Unread post by HJK 414 » Mon Mar 11, 2019 12:25 pm

andycpl wrote:
Fri Mar 08, 2019 12:16 pm
Greetings,

I'm an aspiring pilot, about to get a loan to go to flight school to pursue my dream of being an airline pilot. I have a few questions that I'd appreciate any info on. I'm kind of struggling with how to assure my parent that'll be getting the loan for me that I'll get work after flight school, this will determine whether or not I actually get the loan, so any advice on how to put this to my parent would be appreciated.

I don't have money obviously, I thus can't go to a school like 43 Air School, it's simply too expensive. I intend on going to Madiba Bay School of Flight in Port Elizabeth, doing my CPL multi-engine and Instructors rating there. The loan will be a 7 year loan. Where can I start working fresh out of flight school? I'm open to flight instruction to build hours, I'm passionate about teaching and willing to work hard enough to actually know what I'd be doing and not just do it for hours. I've seen a few jobs in Central Africa looking for low hour pilots for Cessnas, how would one get to the required 500 hours for these jobs?

I know there will be hard grafting involved, I'm a hard worker and will do anything to achieve my dream, information from people in the know would be much appreciated.

Thank you.

Andy

I will have a go at the risk of duplicating what others stated.
You did not state your family situation - nor your age - and I gather that you are 5 years into a "profession" that you - with hindsight do not see as a vocation you wish to pursue.

Getting the CPL / Instructors rating (also the Multi engine ?? /you may wish to build some single hours first !) is step 1 and your parents are seemingly prepared to fund a part of that path.
You write - "how do I assure my parents that I will get a job" - short answer - you can not give that assurance ...... [-X
They need to be able to rely on your passion - on your input and preparedness to do what it takes.

I did the same for my son in law / he now flies a corporate jet / and his resolve was notice-able - so I stood as guarantor for the financing he needed to get where he wanted to be. (it took him 4 years to pay off the loan).

Getting to the 500 hours is a slog and you need to start (if not already) spending time at the airfield, and spread the word and your interest. Once you have a PPL (even single engine will do) you could start building some hours. Keeping your current job for a long as possible is advise-able.

Let me tell you a small portion of my own journey in the 70's.
I worked at Aero Sales (I was an appie Electrician / instrument tech at that time) on Rand and we had serviced a Beech Baron that belonged to Mr. Goudriaan - ZS-OTC - (OG's father). Oom Klaas (mr Goudriaan) was picking up his aircraft from Rand on a Saturday morning and I happened to be in the hangar with my old man. The aircraft had been outside on the apron the previous night and it had been very windy / it had rained and a lot of sand and muck was on the aircraft, especially the wings. My old man stated - "how in the world can we hand back an aircraft to a client in this way ?" - and I ended up filling buckets and washing the aircraft on the apron in front of the hangar.
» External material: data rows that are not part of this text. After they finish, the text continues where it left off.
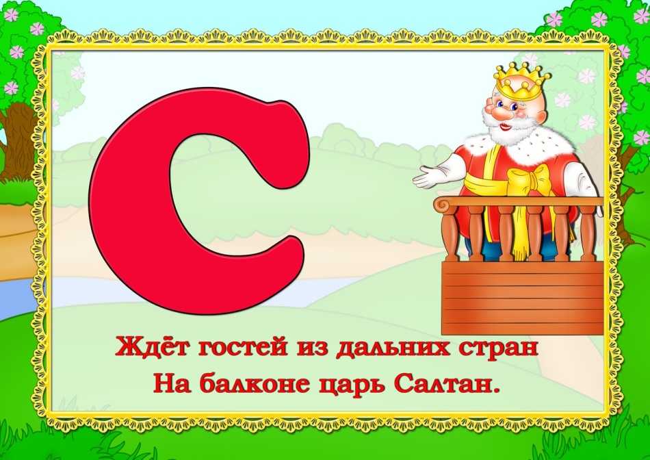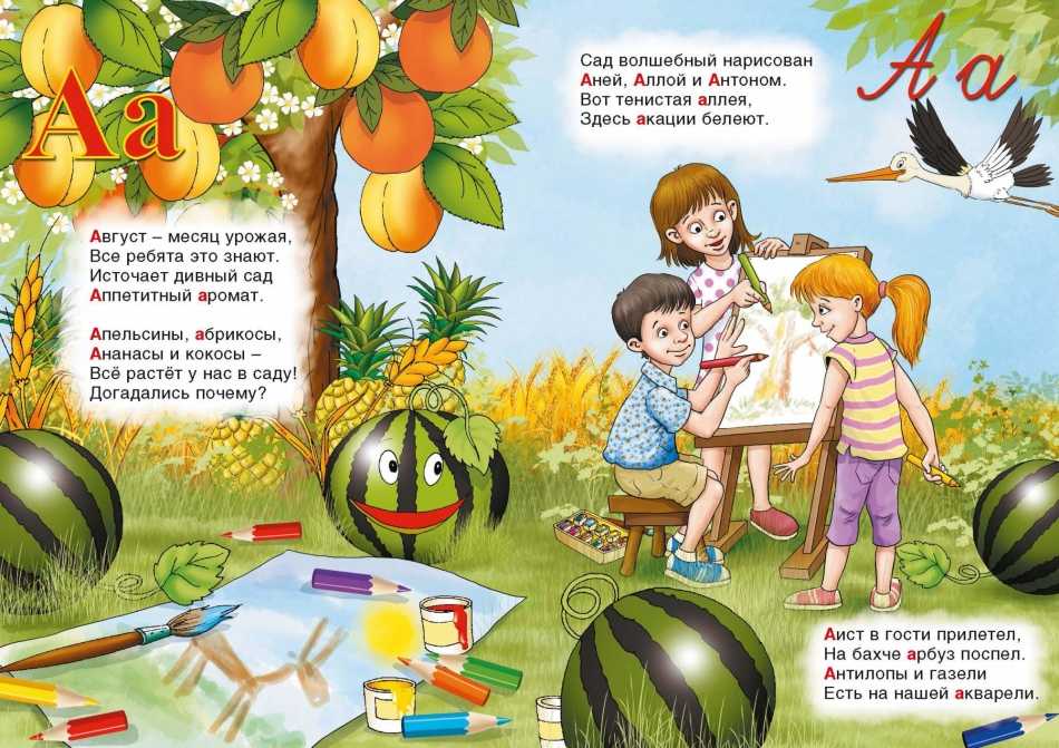 А — зубастая акула! Б – вот бабочка вспорхнула, В – волчонок выл от скуки, Г – взял гном гитару в руки, Д – дорога к дому вьется, Е – под елью гриб найдется, Ё – обрадовался ежик! Ж – журавль без сапожек, З – забыл зайчишка книжку, И – индюк, надутый слишком, Й — фруктовый йогурт сладкий, К — кот ел его украдкой. Л – лягушка любит воду, М – медведь наелся меду, Н – был носорог сердитым, О — окно держи открытым, П – посуду мыла Поля, Р – растут ромашки в поле, С – сияет солнце ярко, Т – а тигру в клетке жарко! У— растет укроп на грядке, Ф – играет филин в прятки, Х — от хлебушка горбушка, Ц – цыплята у старушки, Ч – мы чай налили Любе, Ш – зимою ходим в шубе, Щ — щенок нас ждет у дома Ъ – подъезд знакомый, Ы – так много дырок в сыре! Ь – нет мягче в мире! Э – экран в ночи мерцает Ю – юнгой стать малыш мечтает Я – якорь в море будет брошен, Все запомнил, мой хороший?
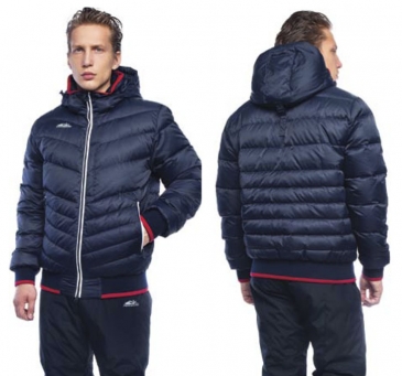 Куртка пуховая укороченная с отстегивающимся капюшоном. Капюшон регулируемый по высоте. Центральная застежка на "молнию" с внутренней ветрозащитной планкой. По бокам - два прорезных кармана, обработанные тесьмой "молнией". На груди расположен один прорезной карман.
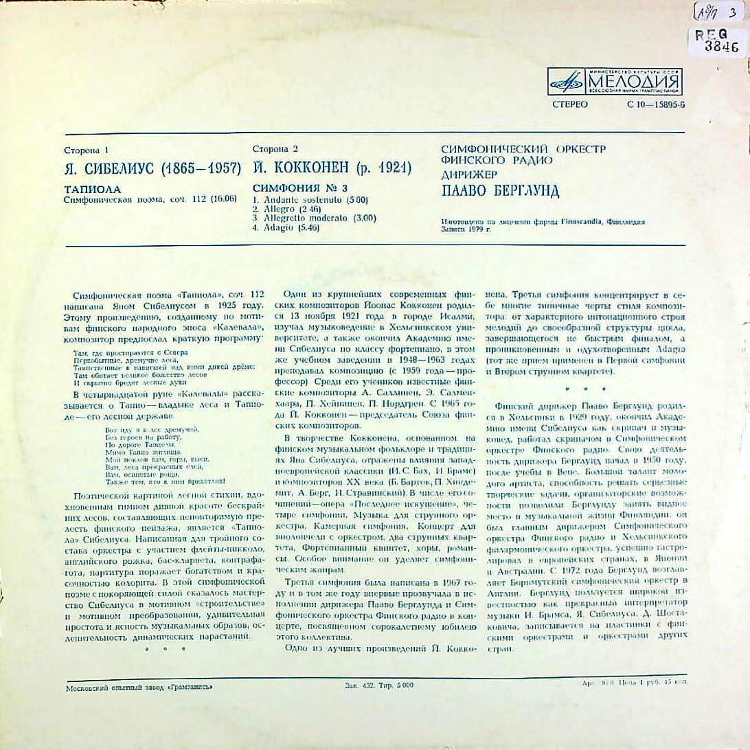 商品コード:REG-3846[露MELODIYA] P.ベルグルンド/ シベリウス:交響詩「タピオラ」, コッコネン:交響曲3番

Just before I was finished Oom Klaas and Timm Biggs turned up (iirc they came from Baragwanath / gliding hub) and they noticed me finalizing the cleaning of the aircraft. (you have to take note of the era - washing aircraft was then often outsourced to "other employees".). Timm Biggs asked what was going on and I explained that we felt that a client deserved to receive a clean aircraft back. Oom Klaas immediately asked whether I would like to join for the "test flight" and to my amazement they took me along on a flight over Walkerville - Vereeniging …… My first flight in twin piston - I will never forget it.

It is not a job you are chasing / it is a passion.
You write that you wish to be an airline pilot.
Perhaps a nice discussion with "driftwood" on the choices you have will give you some guidance / I would certainly advise you to have a serious look at flying smaller / freight / regional / corporate aircraft. I never went for the big bus route and have to say that I never regretted the choice. I simply felt that the passion was best served hand flying a King Air through the skies - and it never left me …..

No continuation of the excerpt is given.